Environmentalist Brad Fauteux Talks Value of Sustainable Entrepreneurship

Bradley Fauteux is an environmental advocate with over 16 years of experience in conservation work.  He served as the Managing Director of Ontario Parks and the Ministry of Natural Resources, and has worked with more than 300 distinct intergovernmental, community, Indigenous and private sector partners. We recently spoke with Brad Fauteux about how sustainability can be integrated with entrepreneurship and in the process, gained guidance on how business leaders can succeed in developing opportunities that create economic, ecological, and social value.

Q: What in your view is sustainable entrepreneurship? Can you give us an example?

Brad Fauteux: Sure, to put it simply, sustainable entrepreneurship focuses on solving social and environmental problems.  Entrepreneurs who work in the area of sustainability often have innovative business ideas and are prepared to develop their ideas into new markets that generate income to benefit society as a whole.  They are also major contributors in developing a greener economy.  A good example of a sustainable business model is that of clothing company Patagonia.  Patagonia markets sustainable outdoor clothing and apparel and has held ethical and environmental issues close to its core since its inception in the 1970s.

Q: Why do you think incorporating sustainable practices is an appealing opportunity for entrepreneurs today?

Brad Fauteux: Being eco-conscious is simply good business practice, and also makes customers feel like they’re part of a bigger picture by supporting sustainable practices.  Most people think that going green is expensive, but that point of view is quickly becoming archaic.  Becoming more energy efficient or using recyclable materials can actually lead to more business; that’s because an increasing amount of people are looking to support companies that are more environmentally responsible. 

Q: Do you have any advice for entrepreneurs who want to create an eco-friendly business?

Brad Fauteux: There are many steps entrepreneurs can take to create an eco-friendly businesse. A good starting point is to connect with other businesses that have already shown a commitment to being environmentally forward-thinking. These vendors can become your partners in going green.  Things like using sustainable packaging, digital record keeping, using solar panels to generate energy, buying local and using renewable resources are also ways to reduce your business’ carbon footprint and promote sustainability. 

Q:  Some would argue the future of sustainability is in the hands of entrepreneurs.  Why do we need more entrepreneurs in this space?
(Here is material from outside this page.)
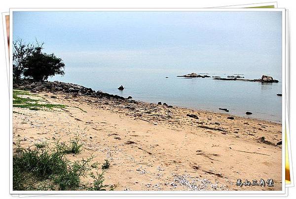 『馬山三角堡』前方的沙灘,兩軍對峙時期的地雷已清除,水中暗哨也不存在,留下這一大片未曾遭蹂躪過的沙灘處女地,腳踩著細緻的黃色細沙,水面平靜無波,早晨的迷霧壟罩著水面,分不出海面或天空的海天一色,此刻水面靜隘到有如對岸水鬼即將摸上來,彷彿昔日的緊張時刻再度重演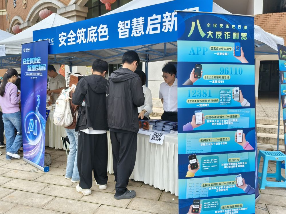 校園的露天廣場上還安排有網(wǎng)絡安全知識趣味問答活動,吸引學生參與,讓他們在輕松愉快的氛圍中鞏固了反詐知識。還有工作人員向路過的學生發(fā)放反詐宣傳手冊。

Brad Fauteux: Unlike many traditional corporations who are oftentimes focused on pleasing their shareholders, I think entrepreneurs are more inclined to implement measures that support sustainability practices.   Oftentimes, they want to be recognized for leaving a legacy, connecting to businesses with purpose, and leading organizations through inspiration.  It’s often as much about leading by example and motivating others to take action than as turning a profit. 

Q: What are some simple ways for existing businesses to minimize environmental impact as part of their core practices?

Brad Fauteux:  They could hire someone, a sustainability ambassador of sorts, to take charge of implementing best environmental practices.  If that’s not financially feasible, an employee or team leader can challenge their coworkers to a “plastic-free” work zone aiming to minimize or eradicate the use of plastic water bottles.  Restaurant owners can trade in their styrofoam to-go containers for recyclable paper boxes and eliminate plastic straws.  I recently went to a coffee shop that offered Mason jars as returnable coffee cups. Even simple measures can be the kickstart to making green initiatives a part of the fabric of your business.